Marcy Steele started work at the mine in 1976. She says a man took a swing at her, knocking off her hardhat. Another man grabbed her crotch.

“We used to say once you cross that guard gate, there are no laws anymore,” she says. “No normal laws that apply on the outside.”

In court, she testified that a foreman kept a huge red dildo in his locker and would wave it at women, saying, “If you don’t do your job, you’re going to get Big Red.”

Steele was assigned to be an oiler, greasing the enormous machines in the ore processing plant. She says the men she was supposed to work with deliberately made her job harder. They’d take her up to a catwalk and then run away, leaving her there. They’d call her filthy names.

“My sister remembers me going to work crying and coming home crying,” Steele says. “You didn’t know day-to-day what was going to happen, and that’s where probably the stress level came in. Not knowing.”

Constant fear made some women sick. Several were diagnosed with post-traumatic stress disorder, the psychological ailment that affects some combat veterans and rape victims.

One woman who was later diagnosed with PTSD said in court that a man stalked her at work. She said that three times she opened her locker to find that someone had broken into it and masturbated onto her clothing.

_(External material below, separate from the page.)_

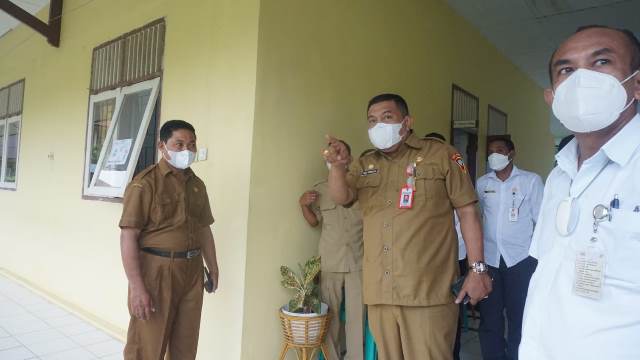 Ambon –Guna mempersiapkan Sekolah dalam Pembelajaran Tatap Muka Terbatas (PTMT) di Kota Ambon pada tahun 2022 mendatang. Sekertaris Kota Ambon, Agus Ririmasse didampingi Kadis pendidikan, Kadis Perhubungan, Kasat Satpol PP, Dinas Kesehatan, Kepala DLHP meninjau sejumlah Sekolah Menengah Pertama (SMP), Senin (27/12/2021). Kunjungan kerja perdana yang dilakukan ini untuk memastikan kesiapan PTMT tersebut.

In court ten years later, her lawyer asked her how she felt about the harassment she had faced. She said:

“It’s with me all the time, I always think about it…. I thought I would be able to put it behind me when I left, that it would go away, but it hasn’t. In fact, it’s gotten worse. … I used to be able to go outside and go down by the lake and listen to the frogs and look at the stars and now I don’t feel that there’s safety in that darkness anymore. I just always feel there’s someone there to leap at me. So I stay inside.”